Airbus and Boeing ramp up aviation decarbonisation deals
Aircraft makers Airbus and Boeing have both signed (separate) partnerships to accelerate aviation decarbonisation.
Airbus signed two different deals in the past week: today (July 24), the French manufacturer announced an investment in LanzaJet, a US company that produces Sustainable Aviation Fuel (SAF) from low-carbon ethanol.
LanzaJet is about to launch commercial-scale production of ethanol-to-SAF at a plant in the US, which it hopes will serve as a blueprint to scale SAF production. Airbus’ investment aims to support the development of Alcohol-to-Jet (ATJ), one of the pathways explored by the aviation industry to accelerate SAF production.
“Sustainable aviation fuels are one of the most important levers available to decarbonise aviation, but their production is still limited. This important partnership with LanzaJet underlines the importance of new technologies and cross-sector collaboration to achieve net-zero CO2 emissions by 2050," said Julie Kitcher, Chief Sustainability Officer at Airbus.
Just two days ago, the French aircraft maker also signed a partnership with Airports Council International (ACI) World to collaborate on SAF, hydrogen technologies, advanced air mobility, operations efficiency, and aircraft noise management practices.
Boeing supports SAF production from sewage waste
Meanwhile, Boeing has partnered with aviation sustainability investment firm Clear Sky to accelerate SAF production and flight decarbonisation.

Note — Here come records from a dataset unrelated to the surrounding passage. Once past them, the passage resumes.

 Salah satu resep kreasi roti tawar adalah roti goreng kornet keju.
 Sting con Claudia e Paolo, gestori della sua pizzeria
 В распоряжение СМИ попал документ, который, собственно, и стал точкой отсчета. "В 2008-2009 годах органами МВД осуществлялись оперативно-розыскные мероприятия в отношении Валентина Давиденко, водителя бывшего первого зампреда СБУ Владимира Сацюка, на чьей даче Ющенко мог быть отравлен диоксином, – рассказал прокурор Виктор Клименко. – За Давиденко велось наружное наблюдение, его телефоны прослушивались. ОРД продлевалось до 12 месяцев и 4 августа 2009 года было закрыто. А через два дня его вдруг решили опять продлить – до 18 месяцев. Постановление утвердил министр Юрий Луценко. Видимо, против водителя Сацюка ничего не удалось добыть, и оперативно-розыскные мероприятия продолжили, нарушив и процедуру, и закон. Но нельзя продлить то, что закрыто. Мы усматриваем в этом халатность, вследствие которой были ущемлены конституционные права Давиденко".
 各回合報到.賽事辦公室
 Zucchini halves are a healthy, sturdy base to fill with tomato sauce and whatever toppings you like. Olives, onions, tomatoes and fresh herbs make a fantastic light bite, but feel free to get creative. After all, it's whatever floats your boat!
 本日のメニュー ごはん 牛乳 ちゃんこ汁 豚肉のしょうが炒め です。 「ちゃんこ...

Their first investment will support Firefly Green Fuels, a UK startup that transforms sewage waste feedstock into SAF through a process using heat and high pressure to convert waste into biocrude oil and biochar.

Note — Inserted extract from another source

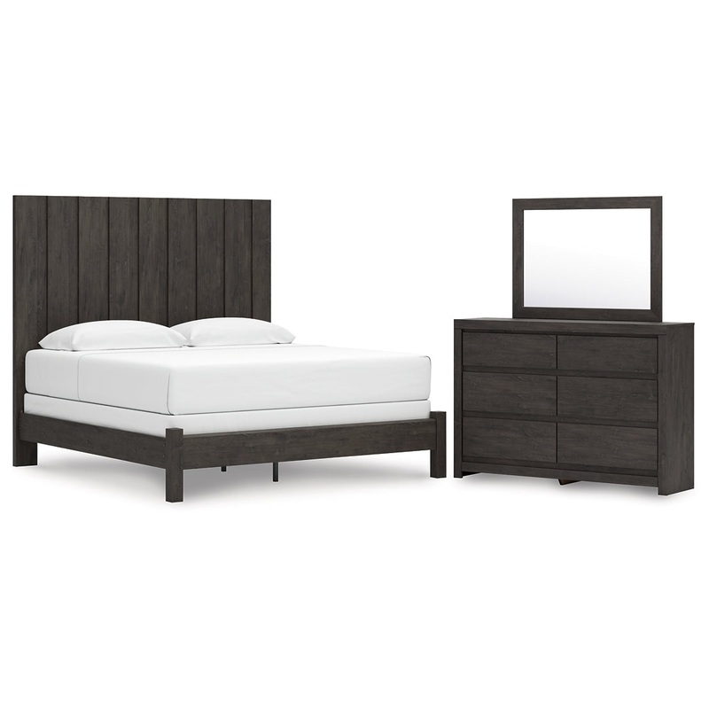 Details PCB3370B8: Includes headboard panel, headboard posts, footboard and rails, Made with engineered wood (MDF/particleboard/plywood) and decorative laminate for the right balance of affordability and durability , Dark charcoal finish over replicated oak grain, Decorative laminate replicates natural or man-made material surfaces with consistent color, pattern and texture, Foundation/box spring required, sold separately, Mattress available, sold separately, Assembly required, PCB3370B1: Includes dresser and mirror, Made with engineered wood (MDF/particleboard/plywood) and decorative laminate for the right balance of affordability and durability , Dark charcoal finish over replicated oak grain, Decorative laminate replicates natural or man-made material surfaces with consistent color, pattern and texture, Recessed hand grabs create hardware-less effect, 6 smooth-gliding drawers, Drawer interiors are lined with a faux linen laminate for a clean, finished look , Safety is a top priority, clothing storage units are designed to meet the most current standard for stability, ASTM F 2057 (ASTM International), Drawers extend out to accommodate maximum access to drawer interior while maintaining safety, Mirror attaches to back of dresser; can also be mounted on wall horizontally or vertically, Assembly required,
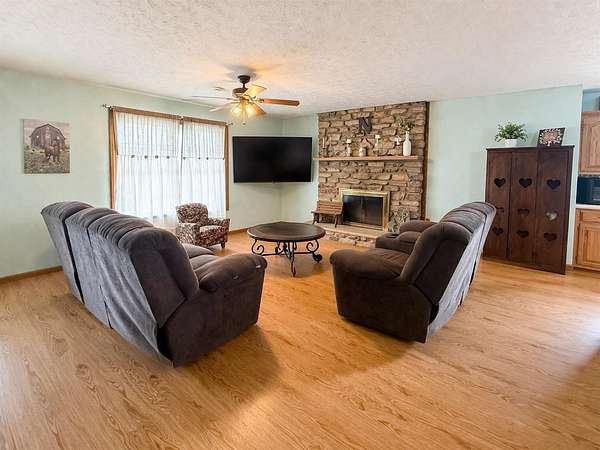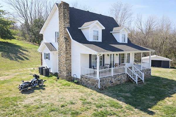 Country Living at it’s finest on 5 Acres! Looking for space, privacy, and charm? This beautiful 4-Bedroom, 2 Bath two-story home checks every box! Property Highlights: Spacious layout with room for the whole family, Cozy stone fireplace for those perfect fall evenings, Full basement with garage door entry, Inviting front & back porches - perfect for relaxing or entertaining, Gorgeous stone porch matching the fireplace chimney extending the entire 2-stories adds timeless curb appeal, and Walk-in Closets. Outdoor Features: Additional Detached 2-Car Garage (24x24), Situated on 5 scenic acres, Peaceful country setting, and Partially fenced. Recent Upgrades: New Central Heat & Air System, Updated lighting & ceiling fans throughout, Stylish Butcher Block kitchen island, and Added security system for peace of mind. Don’t miss your chance to own this slice of country paradise! Call today to schedule your private showing!

The company estimates that SAF produced from this feedstock reduces lifecycle CO2 emissions by more than 90% compared to traditional petroleum jet fuel.
Through the partnership, Boeing will also provide training and direction and facilitate testing to accelerate the qualification of this new route to SAF.
“SAF offers the greatest opportunity to decarbonise aviation, and the industry’s collective challenge of bringing it to scale globally requires new sustainable pathways,” said Brian Moran, Boeing’s Chief Sustainability Officer. “Firefly’s technology holds transformative potential as the SAF feedstock, sewage waste, is accessible in all regions of the globe.”
The agreement between Boeing and Clear Sky will also see them cooperate on other decarbonisation solutions, including alternative propulsion, carbon removal and advanced materials and recycling.
SAF still represents only 0.1% of global jet fuel use, though airlines and corporate customers are all trying to support a production ramp-up: in April, the Sustainable Aviation Buyers Alliance (SABA) announced US$200 million worth of sustainable aviation fuel certificate purchase agreements aiming to support the scale-up of clean fuel technologies.